Tetko I V, Villa A E, Livingstone D J
Institute of Bioorganic and Petroleum Chemistry, Ukrainian Academy of Sciences, Kiev, Ukraine.
J Chem Inf Comput Sci. 1996 Jul-Aug;36(4):794-803. doi: 10.1021/ci950204c.
Quantitative structure-activity relationship (QSAR) studies usually require an estimation of the relevance of a very large set of initial variables. Determination of the most important variables allows theoretically a better generalization by all pattern recognition methods. This study introduces and investigates five pruning algorithms designed to estimate the importance of input variables in feed-forward artificial neural network trained by back propagation algorithm (ANN) applications and to prune nonrelevant ones in a statistically reliable way. The analyzed algorithms performed similar variable estimations for simulated data sets, but differences were detected for real QSAR examples. Improvement of ANN prediction ability was shown after the pruning of redundant input variables. The statistical coefficients computed by ANNs for QSAR examples were better than those of multiple linear regression.
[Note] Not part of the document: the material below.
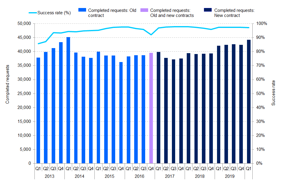 The overall success rate of requests was 97% in Q1 2020 and has remained broadly stable since 2017, between 96% and 98%. The success rate for non-DPSI[footnote 13] languages has remained the lowest of all service types since Q4 2016. In Q1 2020 it was 86%, compared to 98% for standard languages and 96% for special services.

Restrictions of the proposed algorithms and the potential use of ANNs are discussed.
定量构效关系(QSAR)研究通常需要估计大量初始变量的相关性。确定最重要的变量理论上可以使所有模式识别方法实现更好的泛化。本研究介绍并研究了五种剪枝算法,这些算法旨在估计反向传播算法(ANN)应用中训练的前馈人工神经网络中输入变量的重要性,并以统计可靠的方式去除不相关的变量。所分析的算法对模拟数据集执行了类似的变量估计,但在实际QSAR示例中检测到了差异。去除冗余输入变量后,ANN的预测能力得到了提高。ANN为QSAR示例计算的统计系数优于多元线性回归的系数。讨论了所提出算法的局限性以及ANN的潜在用途。